In the old thread I wrote a long post about some issues that I see in the proposal. I think most of the problems there are still relevant, so I would love to see them discussed here.
This post works differently. Each section starts with a Subprocess.run
snippet that will do one of:
- crash child
- crash parent
- deadlock child-parent
- deadlock parent
- make Swift Concurrency inoperable
This is going to be a long one, but you can run all of the code examples by yourself. "Pride and Prejudice.txt" is available at Project Gutenberg. Ubuntu 22.04.4 LTS, should work on macOS (it is actually even easier to deadlock there).
Collected
- limit
deadlocks
try await Subprocess.run(
executing: .at(FilePath("\(bin)/cat")),
arguments: ["Pride and Prejudice.txt"]
)
print("after")
Expected: prints "after"
Result:
- nothing is printed
- it seems to be hanging
cat
is visible in System Monitor even after a few minutes; deadlock
If we open in in the debugger we will see that it hangs on:
internal func captureStandardError() throws -> Data? {
guard case .collected(let limit, let readFd, _) = self.executionError else {
return nil
}
let captured = try readFd.read(upToLength: limit) // <-- here; limit is 131072
return Data(captured)
}
This is a blocking FileDescritor.read
on a cooperative thread. It should not deadlock, because when the cat
finishes it should just resume. (That said, a blocking read would not be my 1st choice in this case.)

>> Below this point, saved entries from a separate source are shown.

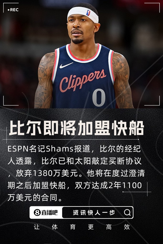 Shams Charania表示,比尔和快船达成了一份2年1100万美元的合同。
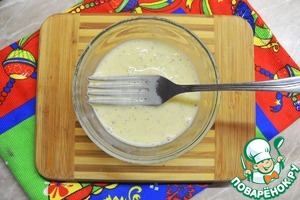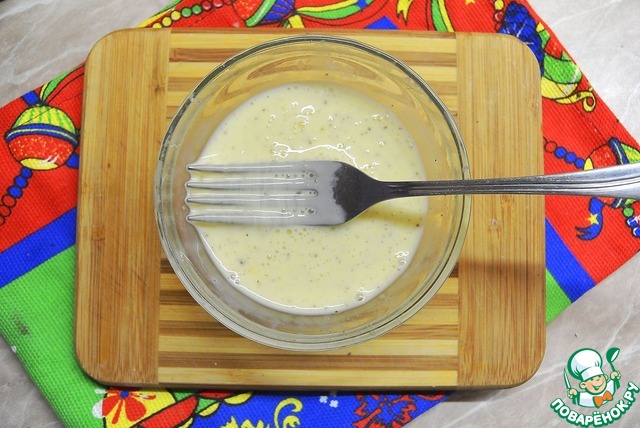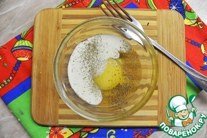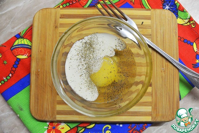 Смешать яйцо с 1 ч. л. сливок, с 1 ч. л. холодной воды, щепоткой прованских трав, черным перцем и солью.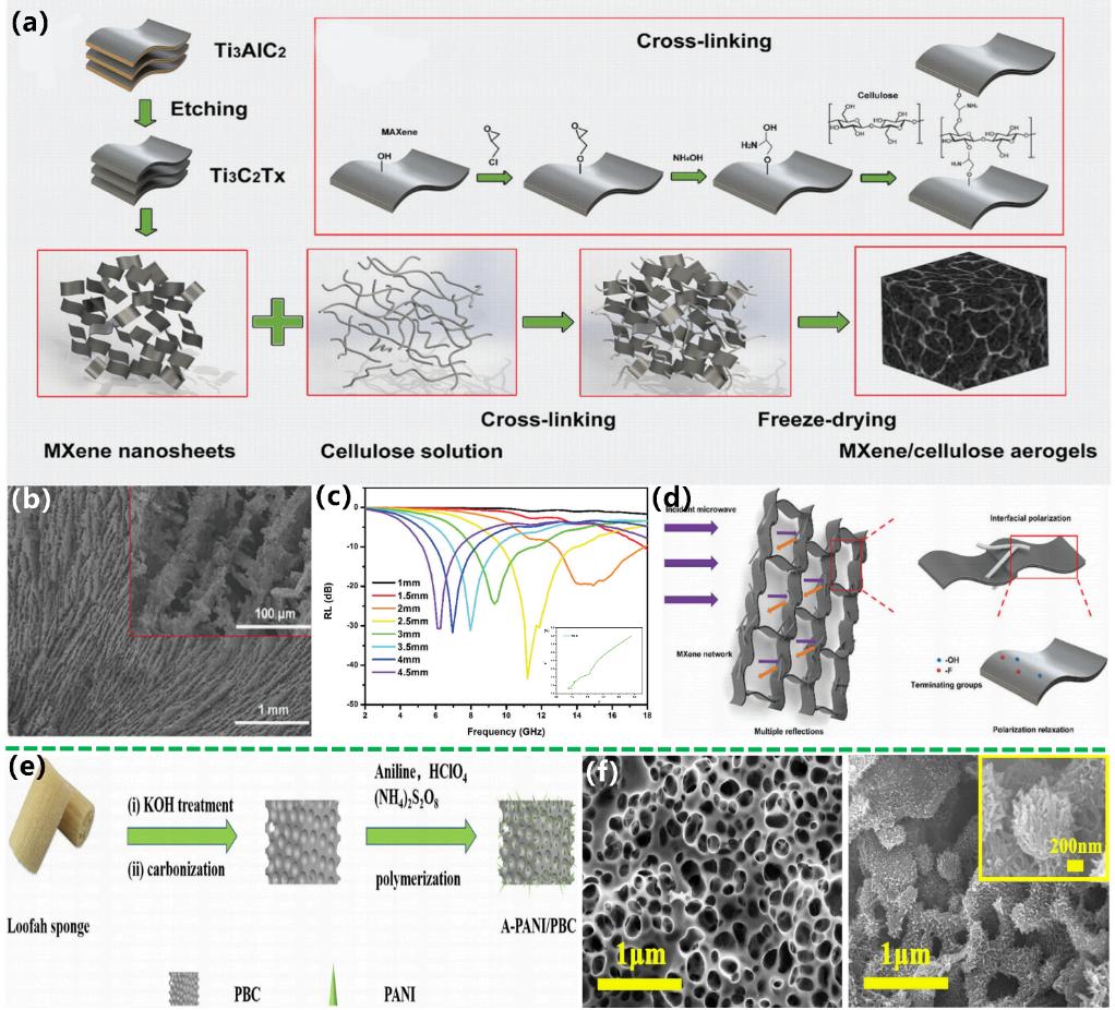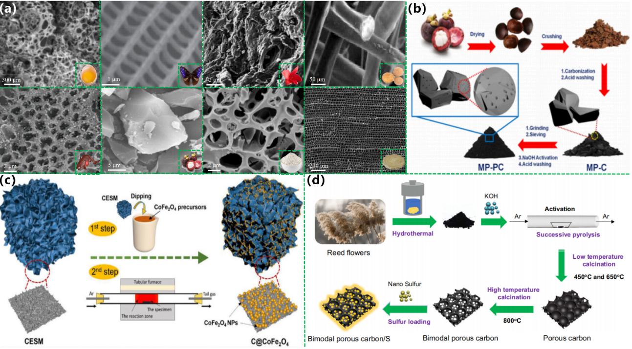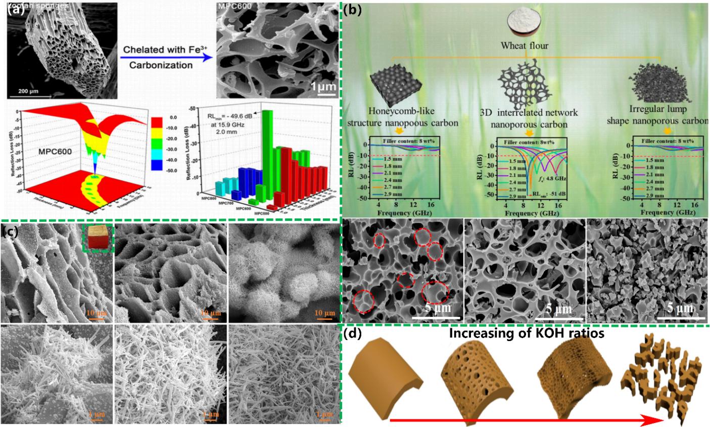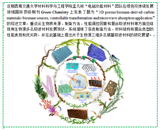 基于前期研究成果,团队受邀撰写并发表系列高水平论文(Green Chemistry, 2022;Carbon, 2021, 180, 163-184;Composites Part B: Engineering, 2021, 211, 108642;Composites Part B: Engineering , 2018, 137, 260)总结了吸波材料发展现状。近期因在生物质基吸波材料方面的工作进展,受邀在Green Chemistry期刊上撰写题为“3D porous biomass-derived carbon materials:biomass sources, controllable transformation and microwave absorption application”的综述,具体内容如下: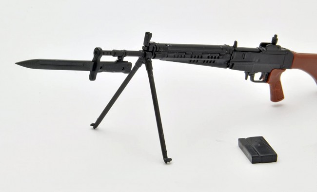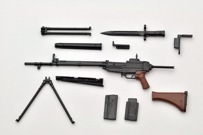 This kit comes with a bipod that can be opened and closed, a floor tail plate, a detachable bayonet, and a full-size magazine. Wooden parts such as the stock and grip and other parts such as metal are reproduced by color coding of resin.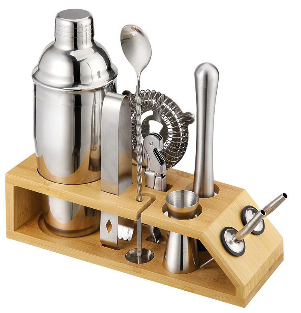 BRADFORD bartender set with bamboo stand and stainless steel accessories. .. more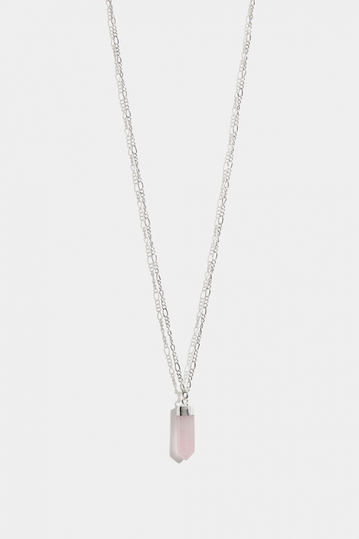 Halskjede i metall med figarokjede og rosenkvartsanheng.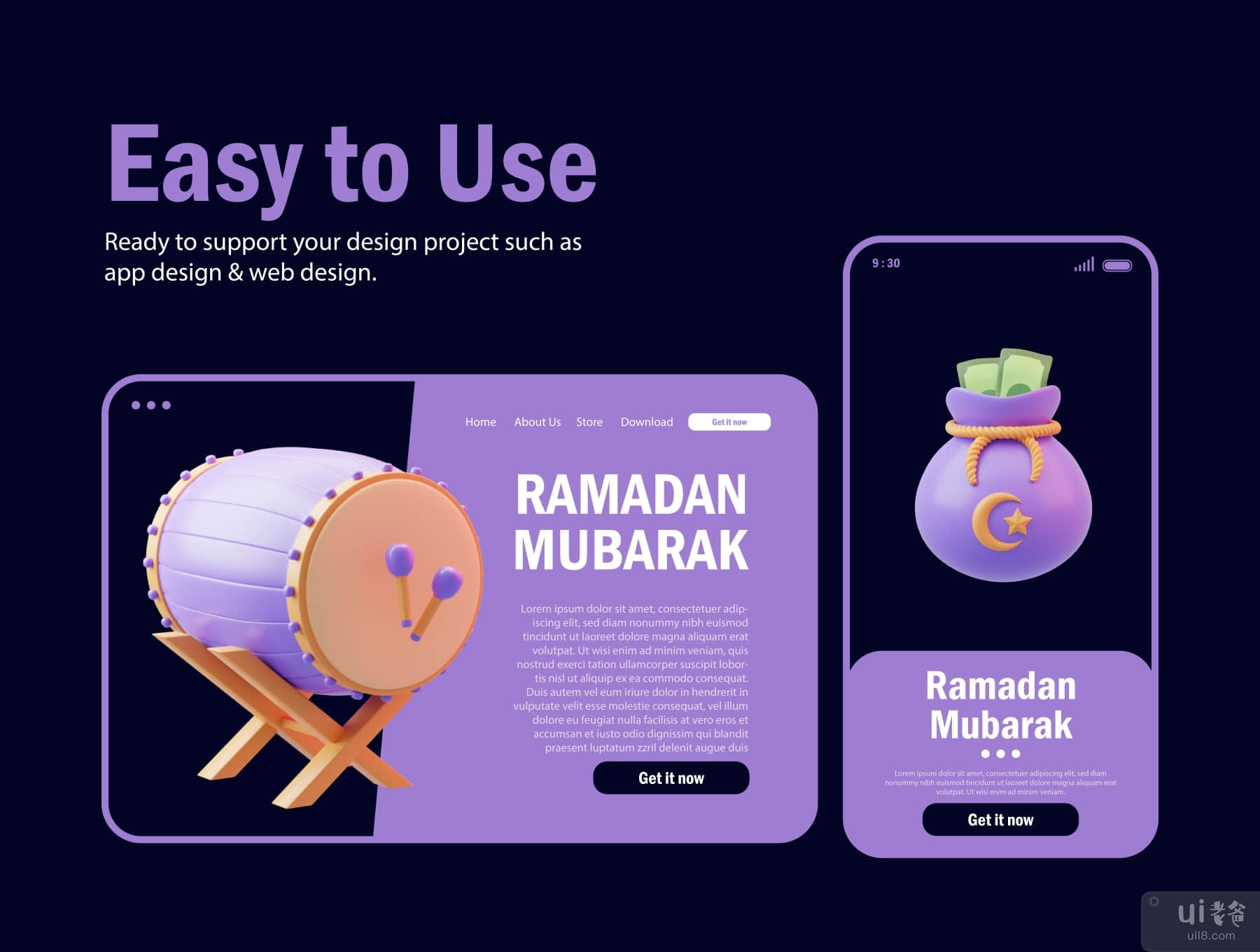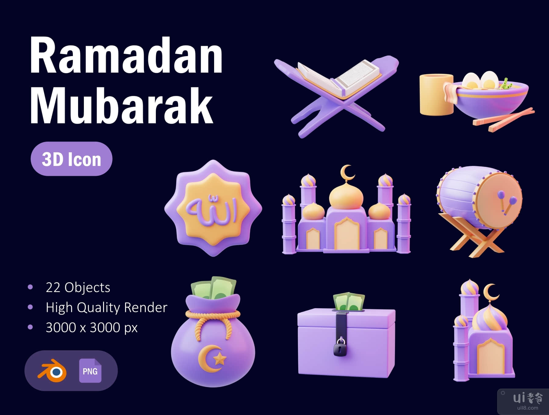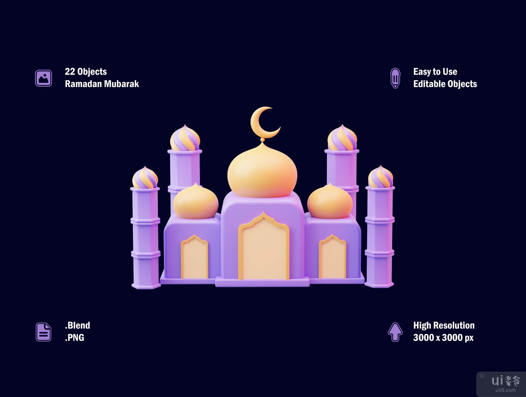 概述Ramadan Mubarak 3D Asset 可用于设计需求、动画、网页设计、UI 设计、演示幻灯片、海报等。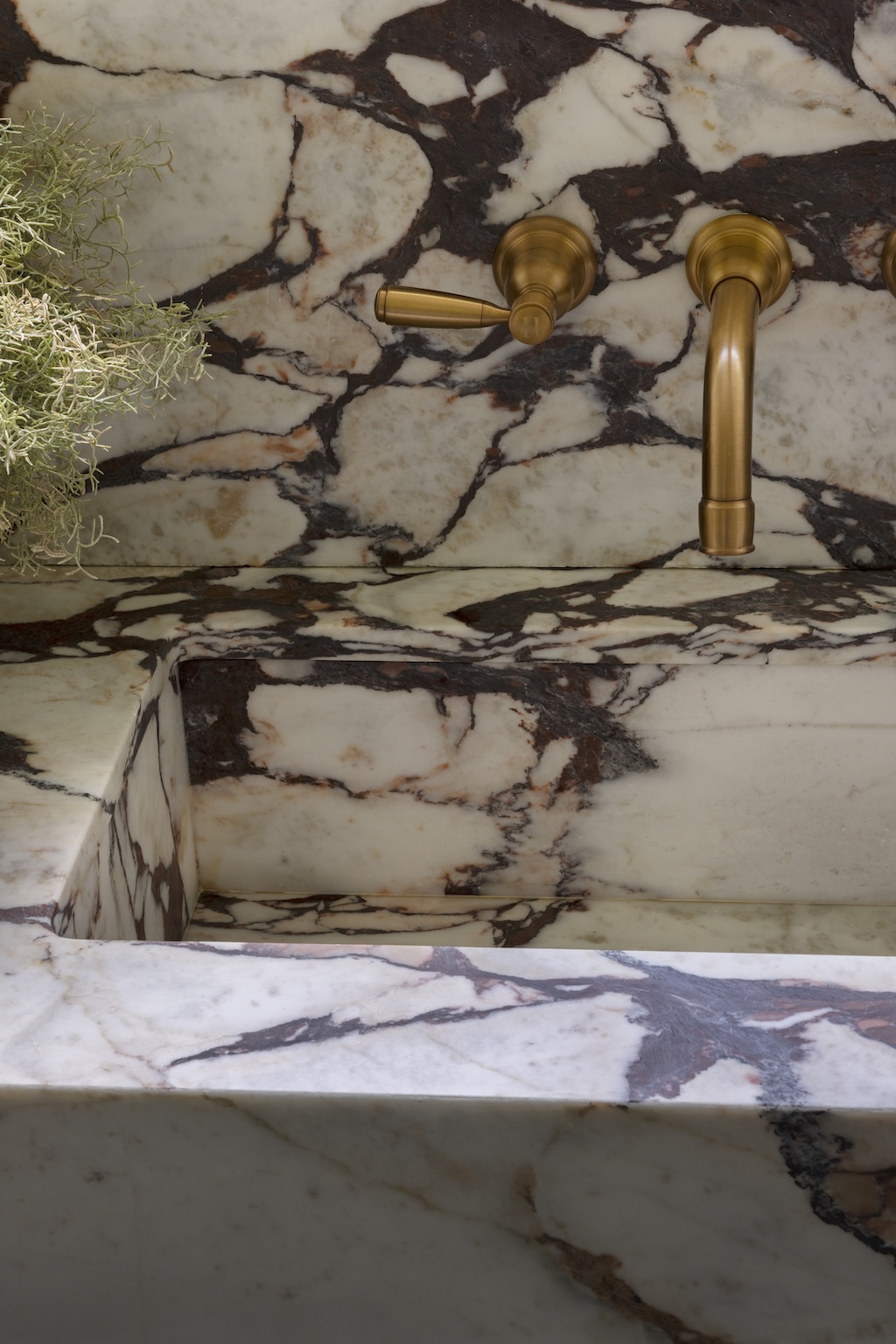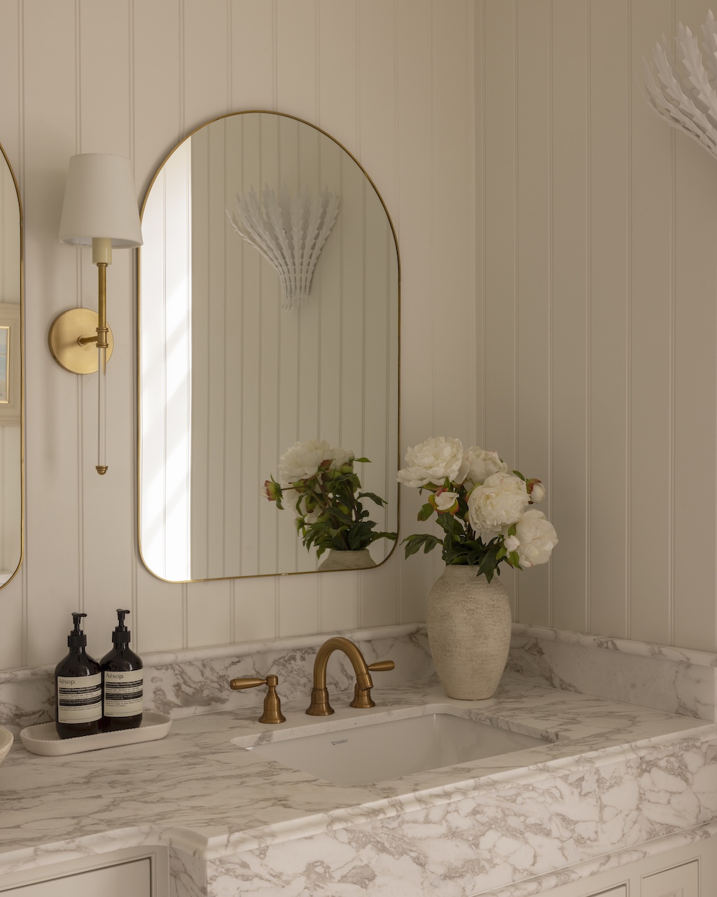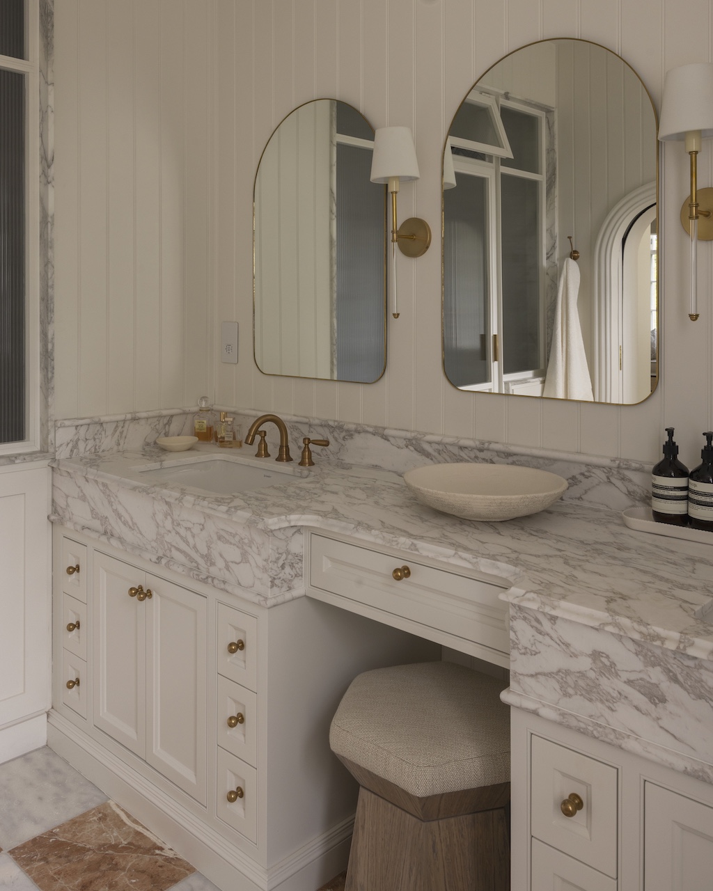 Layered marbles bring depth and texture, complemented by the warmth of antique brass hardware. Lighting from Visual Comfort and carefully sourced mirrors complete the scheme, blending classic and contemporary styles and reinforcing a sense of calm, elegant luxury.

The culprit is somewhere else. As it turns out the limit
that we specify does not only regulate the amount of bytes that we care about, but also sets an indirect limit on how much the process can write in total:
stdout <= limit
-
ok
stdout <= limit + pipe size
-
ok, but the output is truncated
stdout > limit + pipe size
-
deadlock
Am I the only one surprised by it? When I read the proposal I though of: git status limit(500)
will just take the first 500 bytes of the output and forget about the rest. But it turns out that "the rest" is critical, as it decides about the deadlock.
And remember that we have to set a limit. Either directly via the collect(limit: Int)
or indirectly via collect
. That said the proposal says: "By default, this limit is 16kb", but in code we have .collected(128 * 1024)
. So, to get 16kb I have to specify 128 * 1024
as an argument. What is the unit?
How about using Int.max
as a limit? Or Int.min
? Or -1
? All will crash with SIGILL
: illegal instruction operand. The code in PR will actually try to allocate Int.max
of memory:
extension FileDescriptor {
internal func read(upToLength maxLength: Int) throws -> [UInt8] {
let buffer: UnsafeMutableBufferPointer<UInt8> = .allocate(capacity: maxLength)
let readCount = try self.read(into: .init(buffer))
let resizedBuffer: UnsafeBufferPointer<UInt8> = .init(start: buffer.baseAddress, count: readCount)
return Array(resizedBuffer)
}
}
But what if we guess the total size of the stdout
wrong? It not only deadlocks, but also takes 2 cooperative threads with it: the read(stderr)
one and the waitpid
one.
The conditions for a deadlock are:
- we have a "chatty program" - it prints a lot
- we underestimated the output by pipe buffer size
Enter… the Swift compiler. It is a chatty program, and immediately upon seeing the proposal I thought of:
- git clone
- cd
- swift build
The standard CI stuff. This will work… for a while. But then our app will grow bigger: we will add dependencies, we will add more .swift
files, and it will cross the max stdout
and deadlock. If this does not convince you then just use swift test
, this will 100% deadlock after a few weeks.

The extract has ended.